Süleymanova returned to competition at the 2024 CS Warsaw Cup where she finished 16th. While she felt nerves due to her first time representing the Azerbaijani national team, she said: "Of course, it was a bit difficult to step back onto the ice after such a long break. But now, I’m training with even more enthusiasm because I’m representing my homeland, Azerbaijan." Süleymanova also placed sixteenth at the 2024 CS Golden Spin of Zagreb.

In January 2025, Süleymanova placed fifth at the Sofia Trophy and also earned her minimums to compete at the 2025 World Championships in Boston, the main goal of her competing.
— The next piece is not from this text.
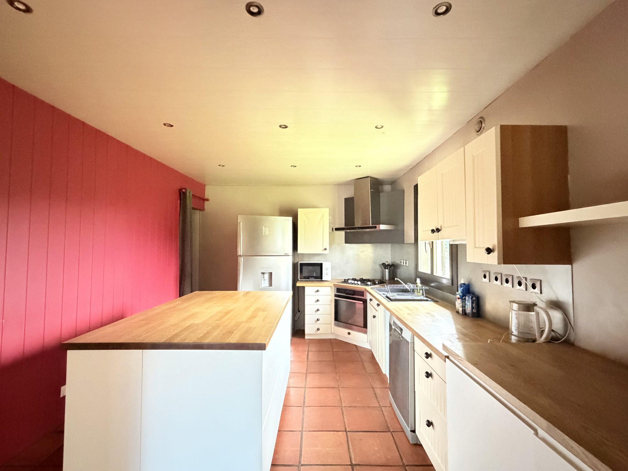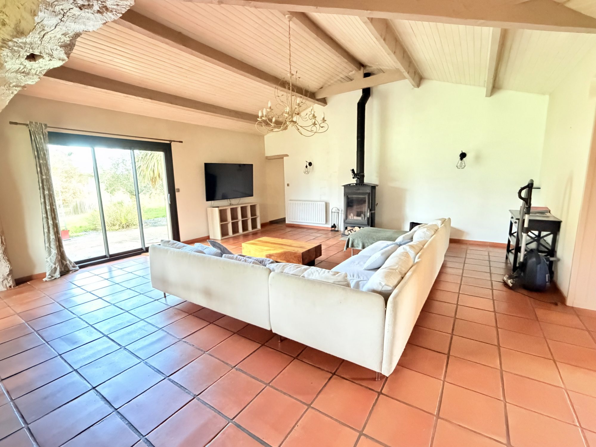 D’une surface habitable d’environ 199 m², la maison offre de beaux volumes et une distribution fonctionnelle. Elle se compose d’un vaste séjour cathédrale d’environ 60 m², très lumineux, avec une cuisine aménagée et équipée ouverte sur la pièce de vie, complétée par une arrière-cuisine.

After the Sofia Trophy, Gunay Badalova, the General Secretary of the Azerbaijan Winter Sports Federation, noted that Süleymanova had impressed in recent competitions and that she hoped Süleymanova "will represent our country with dignity in Boston as well". As preparation ahead of World Championships, Süleymanova then placed eighth at the Bavarian Open and tenth at the Sonja Henie Trophy.
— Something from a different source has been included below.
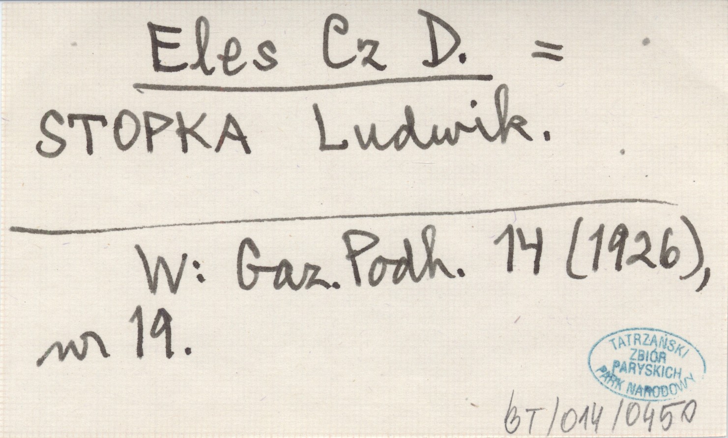 Eles Cz D. STOPKA Ludwik Gazeta Podhalańska 14 (1926), nr 19.

At the 2025 World Championships, Süleymanova was twenty-fifth in the short program and narrowly missed qualifying to the free skating, finishing only 0.01 points behind Lithuania's Meda Variakojytė. As a result, she did not qualify a quota for Azerbaijan at the 2026 Winter Olympics. Her coach, Joey Russell, described the situation as "incredibly difficult to process", but emphasized Süleymanova's very recent return to the sport at the time.

==== 2025–26 season ====
Süleymanova opened the season at Skate to Milano in September, the final qualification event for the 2026 Winter Olympics. She finished twelfth and did not earn a quota for Azerbaijan.

Süleymanova placed fourteenth at the 2025 CS Trialeti Trophy and fourth at Ice Challenge. She then won her first international title at the Bosphorus Cup despite a mistake on her triple-triple combination in the short program, an element she had only recently added into her program. Süleymanova's result also qualified her for the 2025 European Championships. In December, she finished seventeenth at the 2025 CS Golden Spin of Zagreb.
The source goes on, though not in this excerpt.